From Cosmopolitan magazines long time editor.
Written by Donna Nebenzahl

It’s an ideal time to consider how you’re going to approach the workplace now that your summer holidays are over. And sometimes, great advice comes from the strangest places, like the old little book that crossed my desk the other day, titled “How to be useful: A beginner’s guide to Not Hating Work.”

In one chapter, former book editor Megan Hustad managed the astounding feat of channelling points of view on the workplace offered by the ambitious former editor of Cosmopolitan, Helen Gurley Brown, author of Sex and the Single girl. The subject was dealing with a workplace in which you don`t feel favoured, usually because you have a boss who could care less about you.

Never, Gurly Bown wrote, make the mistake of thinking that someone with power over you will also empower you. Far from it. Bosses unsure of their own power will only direct their energies upward, so they can look good to their own bosses.

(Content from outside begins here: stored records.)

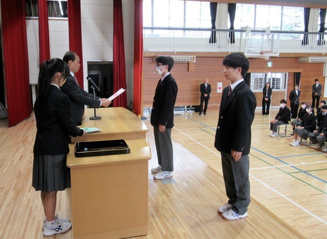 写真 : 2枚目、 1年生 ・ 2年生の代表生徒にそれぞれ 「 終了証 」 を渡しました。
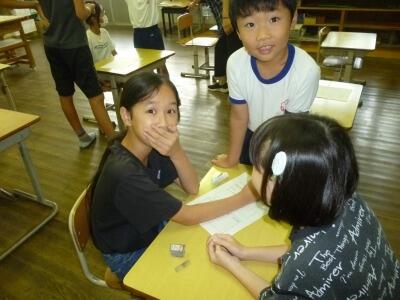 9月11日は、参観日でした。1・2年生は、算数の授業でした。1年生はコップを使った大きさ比べ、2年生は「103-67」のような、繰り下がりが難しい引き算の学習をしていました。
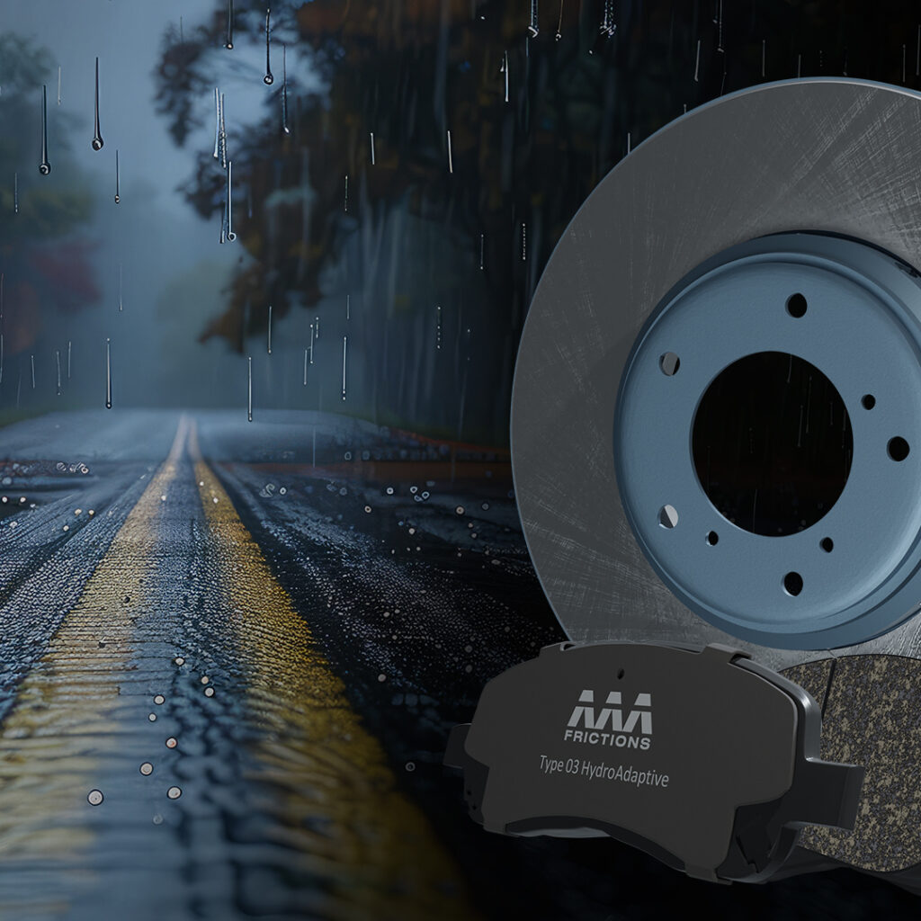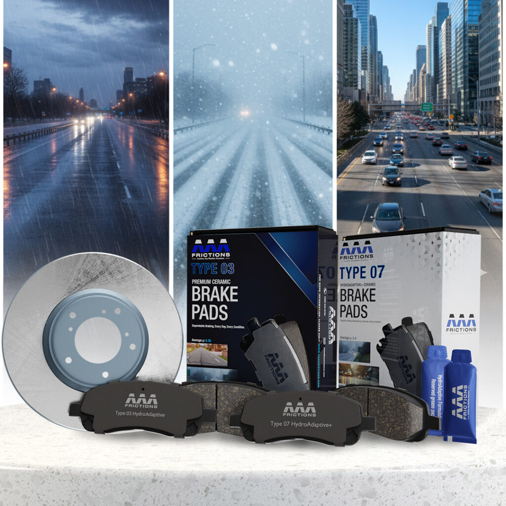 AAA Frictions’ HydroAdaptive Technology is engineered to keep braking performance steady when weather conditions become unpredictable. Built on our advanced ceramic system and refined through specialized scorching, HydroAdaptive adapts to rain, slush, snow, and humidity so the pad maintains a confident bite on every stop. Whether navigating frozen winter mornings or sudden thunderstorms, your brakes stay consistent anytime, any weather, anywhere.
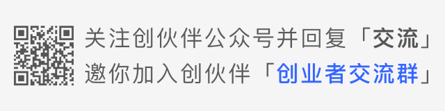 关注「创伙伴」公众号,回复“交流”,加入「创业交流群」。
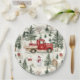 Ein niedliches, klassisches Winterdesign mit einem Vintagen roten LKW, Bäumen, Schnee und einem Schneemann!
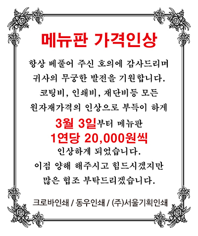 2019-11-04:기업:바디:271590원 2020-06-22북부:352000원 2020-06-24:농협:짜장타운:315000원 2020-10-26:기업:정영란:19270원 2020-11-19:기업:신화엠티:22000원 2020-11-20:0원 2020-11-24:기업:디에스유:20000원 2020-12-23:기업:신내:205000원 2021-01-04:0원 2021-02-04:기업:황현우:75400원 2021-03-23:기업:우리DM:3173400원 2021-04-05:기업:경성:157000원 2021-04-08:농협:박남진:198000원 2021-04-30:기업:자미원:396000원 2021-05-04:기업:양순옥:88000원 2021-05-20:기업:하나로:96580원 2021-06-01:기업:화정관:374000원 2021-06-15명은:748000원 2021-08-06명은:748000원 2021-11-22:기업:명장:396000원 2021-11-23:기업:홍보석:297000원 2021-11-24:기업:착한중국집:52000원 2021-12-08암사족발:225500원 2021-12-15:기업:박흥열:303600원 2021-12-21:기업:북부:280500원 2022-01-03:기업:해피:51000원 2022-01-07:기업:효정루:832000원 2022-01-21:기업:진준수:22800원 2022-02-16:기업:서울수도사업:154000원 2022-03-23:농협:명장:137500원 2022-05-18:농협:유방:96000원 2022-06-21:농협:짜마:429000원 2022-07-05:기업:명장:792000원 2022-08-24:기업:화랑불:154000원 2022-08-24도성:435600원 2022-09-13팔당족발:55000원 2022-09-26:기업:최옥동:1628000원 2022-10-14오윤영:693000원 2022-10-18:기업:북부:418000원 2022-11-01:기업:허형령:138100원 2022-11-16:기업:취홍:330000원 2022-11-22:기업:화랑불닭발:154000원 2022-11-28왕미리:155000원 2022-12-01:기업:김정태:66000원 2022-12-27:농협:미래향:1628000원 2023-01-06:농협:짜마:280500원 2023-01-06:기업:오윤영:241000원 2023-01-17:기업:주다:16000원 2023-01-27정경란:242000원 2023-02-02:농협:미래향:704000원 2023-02-07:기업:화를품은:85000원 2023-02-16청호:278500원 2023-02-21홍보석:341000원 2023-02-28:기업:북부:418000원 2023-03-27짜마:561000원 2023-03-29:기업:오픈집:203500원 2023-04-03:농협:최옥동:2552000원 2023-04-11이강복:385000원 2023-04-13:기업:김철:275000원 2023-04-24:기업:북부전단:418000원 2023-05-10:기업:허혛령:280500원 2023-05-17:농협:허승연:462000원 2023-05-18홍보석:183000원 2023-06-01나광민:176000원 2023-06-07강한경:165000원 2023-06-12:농협:청호:278500원 2023-06-28:기업:화품닭:85000원 2023-07-05효정루:722000원 2023-07-19:기업:북부:418000원 2023-07-27:농협:지재복:462000원 2023-08-14:농협:짜마:484000원 2023-08-29:기업:북경반점 :280500원 2023-09-01효정루:673000원 2023-09-26:농협:황궁쟁반:176000원 2023-09-27:기업:북부전단:418000원 2023-10-10:기업:화랑불닭발:154000원 2023-10-16:기업:북부전단:154000원 2023-10-26:농협:박남진:315000원 2023-10-30:기업:짬뽕의달인:225500원 2023-10-31나광민:110000원 2023-11-02:기업:신북경반점:183000원 2023-11-09:기업:북부:418000원 2023-11-14:농협:신화정:462000원 2023-11-22이종분:673000원 2023-11-24:농협:지재복:407000원 2023-12-07이가네:47300원 2023-12-19허영호:60000원 2024-01-11도원:462000원 2024-01-18:기업:자금성:242000원 2024-01-22홍보석:341000원 2024-04-05:기업:한정남 :55000원 2024-04-08:농협:미친짬뽕:446600원 2024-04-26:농협:이순남:203500원 2024-05-29이종분:673000원 2024-08-26:기업:북경반점:372000원 2024-08-29김철:143000원 2024-11-19:기업:이종분:678000원 2024-11-22:기업:까사코지:385000원 2024-11-25:기업:이경태:374000원 2025-02-11자금성:242000원 2025-02-11허영호:44000원 2025-03-10:농협:착한중국집:401500원 2025-07-25:기업:대청마루:748000원 2025-08-27효정루:1008000원 2025-09-18북부:440000원 2025-09-24:농협:신보람:462000원 2025-11-06효정루:1029000원 2025-12-04:기업:짜마:291500원 2026-03-23:기업:정근기:462000원 2026-04-09:기업:북부전단:462000원
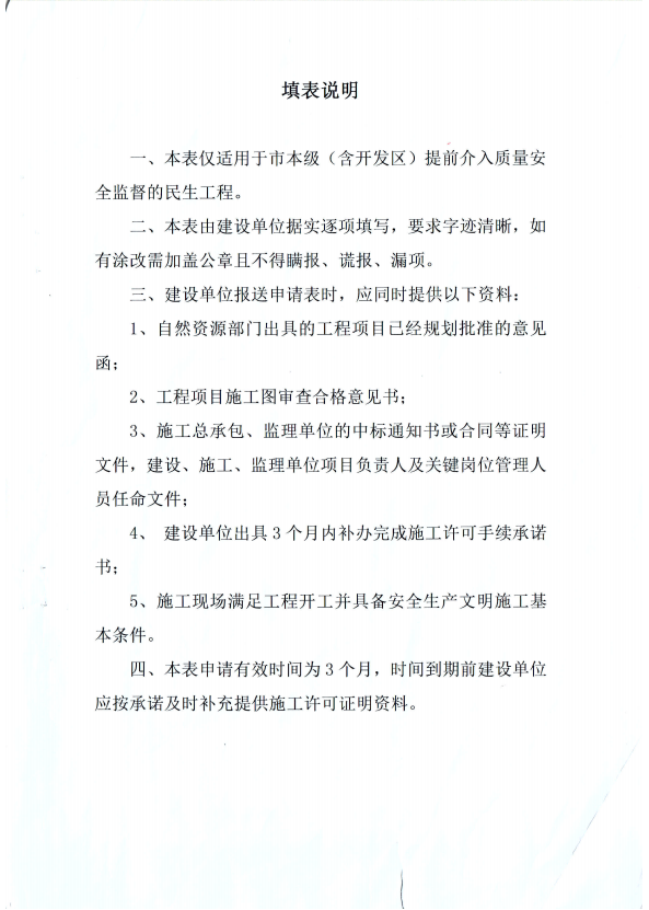 将军路幼儿园建设工程提前介入质量安全监督申请表
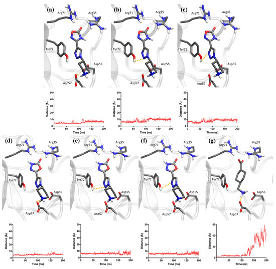 Representation of the most important distances for molecular dynamics simulations of compounds 1, 5, and TXA. Shown distances for compound 1: (a) piperidine and Asp57, (b) triazole (nitrogen N2) and Tyr72, and (c) triazole (nitrogen N3) and Tyr72. Distances for compound 5: (d) piperidine and Asp57, (e) triazole (nitrogen N2) and Tyr72, (f) triazole (nitrogen N3), and Tyr72. Distances for TXA: (g) terminal amine and Asp57.
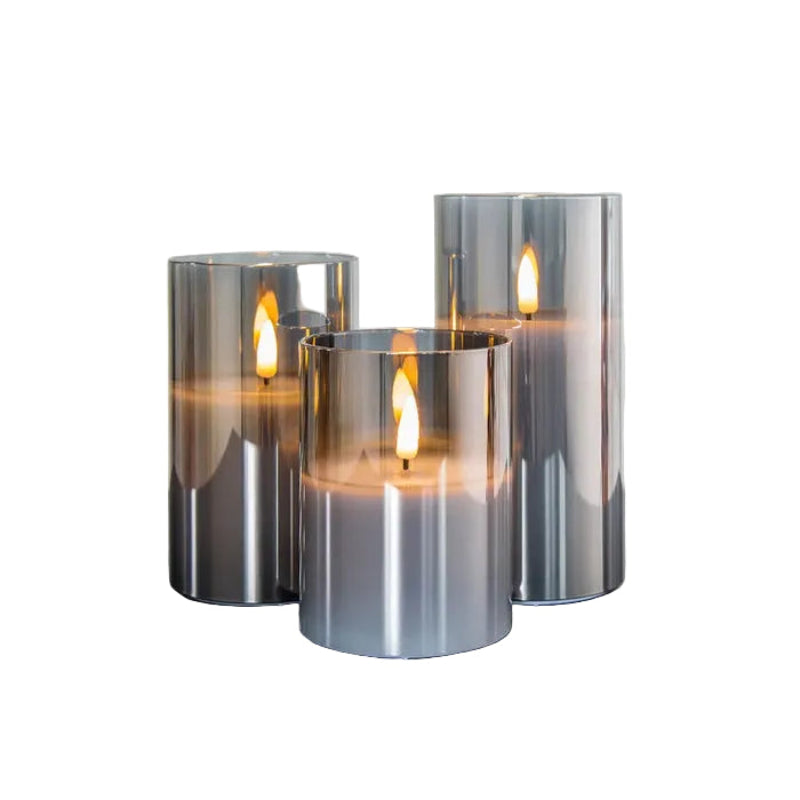 Zestaw bezpłomieniowych świec LED wykonanych z wosku i umieszczonych w eleganckich szklanych cylindrach. Emitują one ciepłe białe światło z realistycznym efektem migotania płomienia, tworząc spokojną i dekoracyjną formę oświetlenia. Idealne do codziennego użytku we wnętrzach mieszkalnych i na zadaszonych tarasach. Zestaw składa się z trzech świec o różnej wysokości, zasilanych bateryjnie.
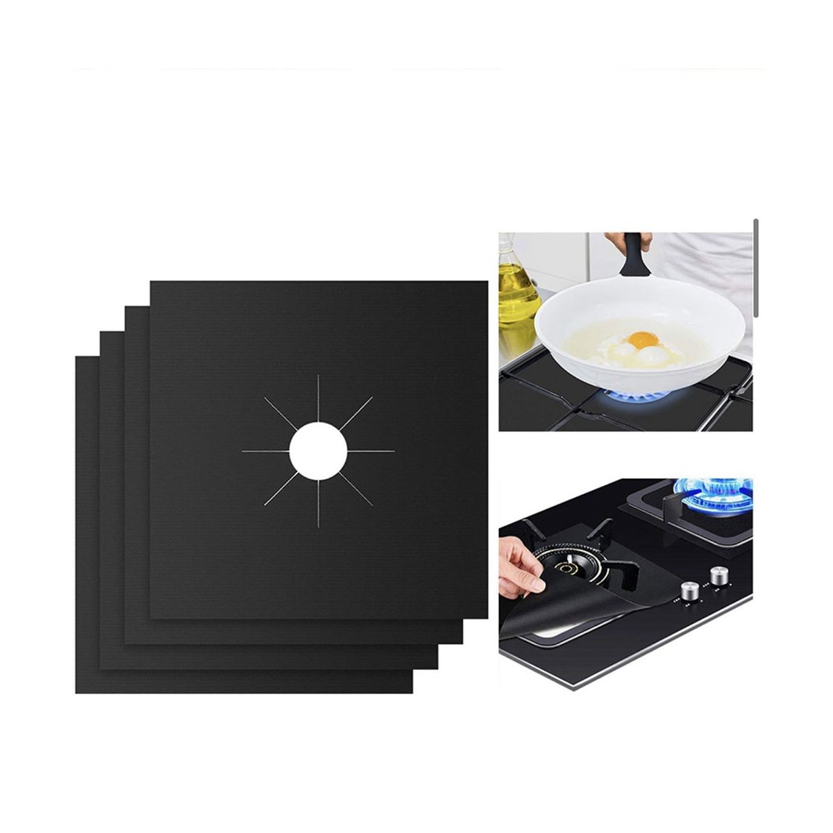 Please note: For gas ranges, place the protectors under the burner grills the flames. The hole of the protector must be trimmed with scissors to fit your gas range before use.
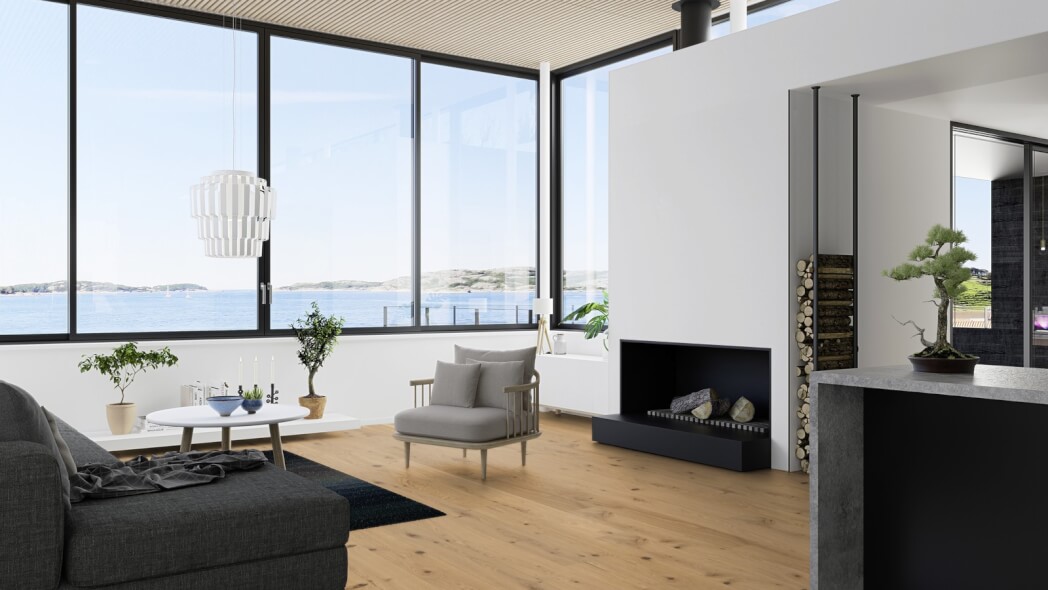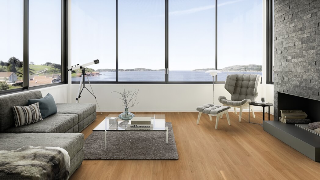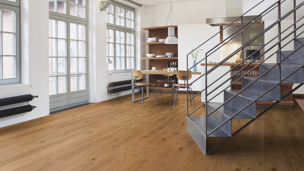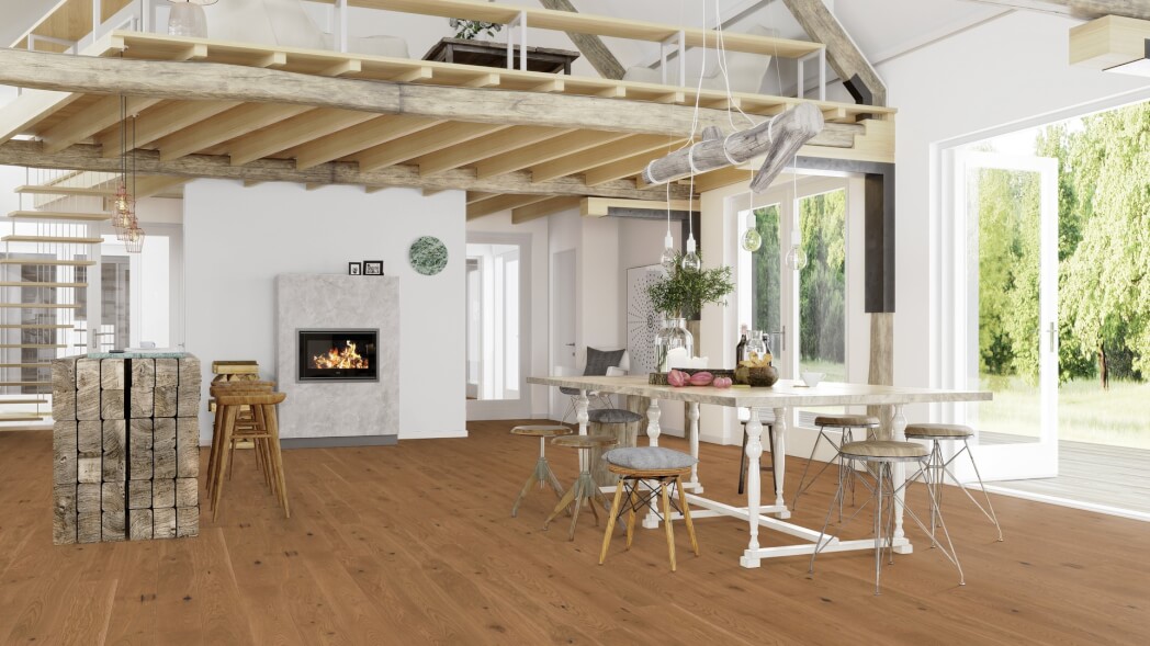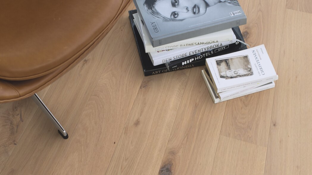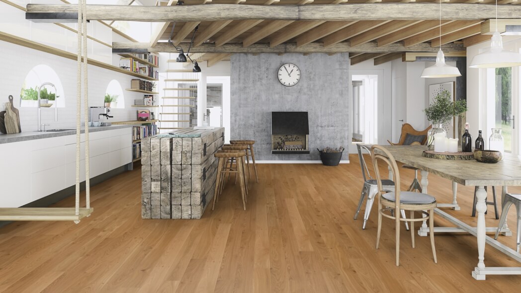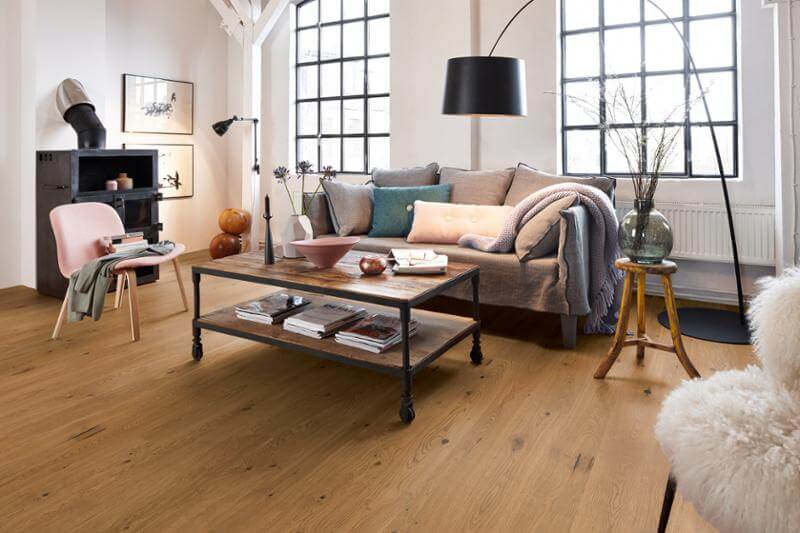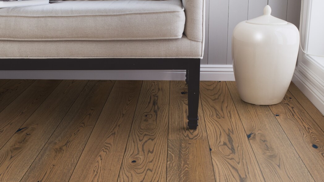Dąb wykończony lakierem Live Pure, 2-stronnie fazowany, szczotkowany.
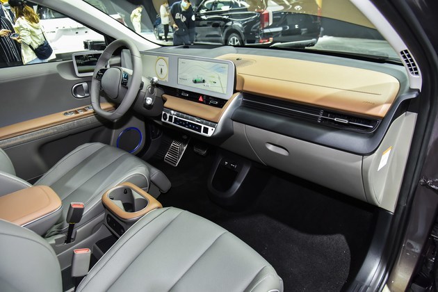 内饰设计方面,IONIQ 5贯彻了生活空间主题,配备了12英寸全触摸中控屏和12英寸数字仪表,双联屏也是时下流行风格,并可进行功能定制,中央扶手箱可以滑动至后排,前排主驾与副驾中间将毫无障碍。
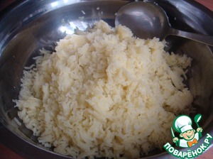 Половину картофеля отварить. Отварной картофель помять картофелемялкой или пропустить через пресс. Я перетерла через мелкое сито.
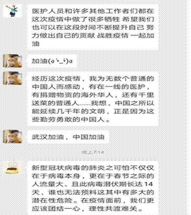 为进一步加强支部团员青年积极参与防控疫情的责任意识,增强战胜疫情的决心,助力国家、社会和公司打赢疫情防控阻击战,2020年2月21日,2019级马克思主义理论团支部开展了以“抗击疫情 传递温暖”为主题的线上团日活动。此次团日活动中,支部成员以宿舍为单位,各宿舍以线上视频及线上讨论的形式进行互动学习。
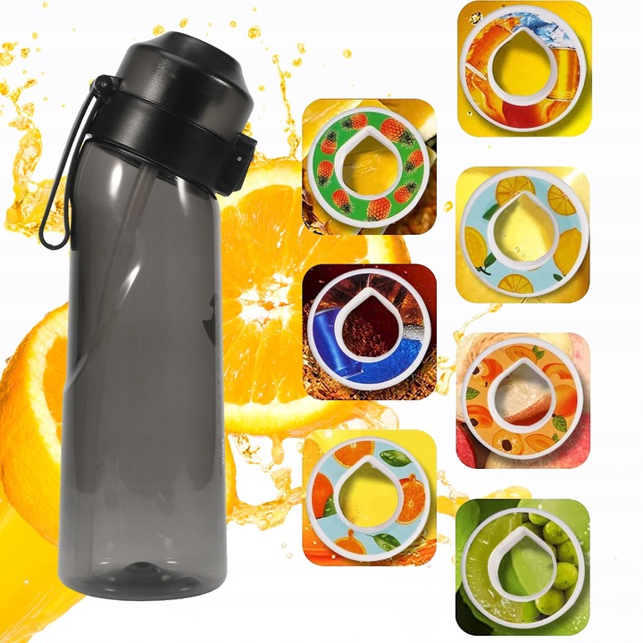 Бутылка для воды Air Up, 650 мл, со специями, 7 шт., много вкусов, черный
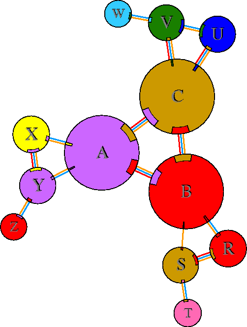 Interacting chains are joined by coloured lines, each representing
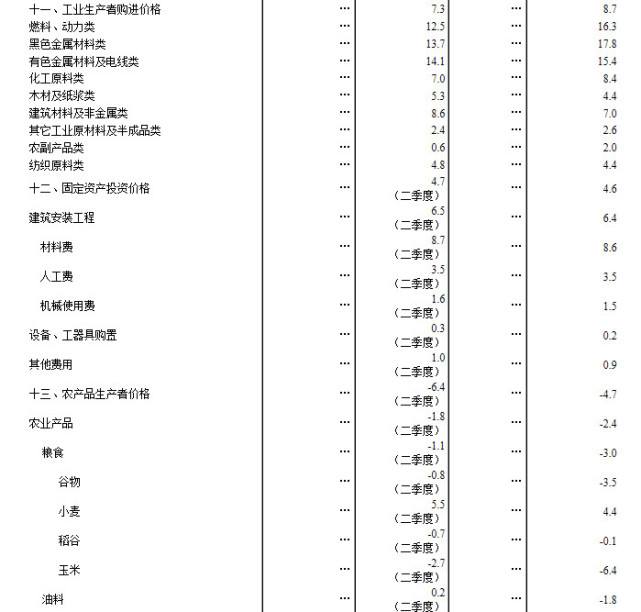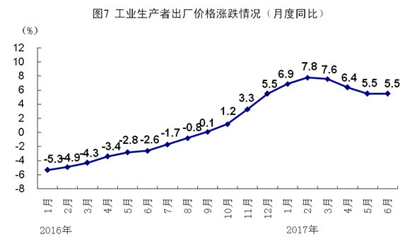 上半年,全國工業生產者出廠價格同比上漲6.6%,漲幅比一季度回落0.8個百分點。6月份,全國工業生產者出廠價格同比上漲5.5%,漲幅與上月持平,環比下降0.2%。上半年,全國工業生產者購進價格同比上漲8.7%;6月份同比上漲7.3%,環比下降0.4%。

Gurley Brown offers a few ways to channel your irritation over this type of superior. To start she advised try to change the way you look at the job, so you see yourself as self-employed and that selfish boss as your client. That will make the criticism and frustration a bit easier to bear.

When you must talk about a dissatisfying situation in the work place, don`t play the blame game. Don`t ascribe motives to anyone but yourself, Hustad said. If you need to describe what`s going on, take the position that what has happened is in the past and you`re looking forward to moving on.

And if you must send an e-mail, write it, then hang on to it at least overnight and cut it down to one quarter of it`s size. Take some time to realize that your boss might be feeling incompetent, and so relies on procedure or petty assigning to take the pressure off. Sometimes you just have to make allowances for someone else’s behaviour.

Even if you think your career is going nowhere, keep your spirits up. Charm, which Gurly Borown calls `total awareness` helps you detect what other people want, or don`t want. And no matter how charming you are, be aware that there`s always someone around who will dislike you. It can`t be avoided, especially when you finally gain some recognition.

Realize, writes Hustard, that `some people might actually enjoy disliking you`. Since there`s little you can do to change that, take a breather and stop worrying.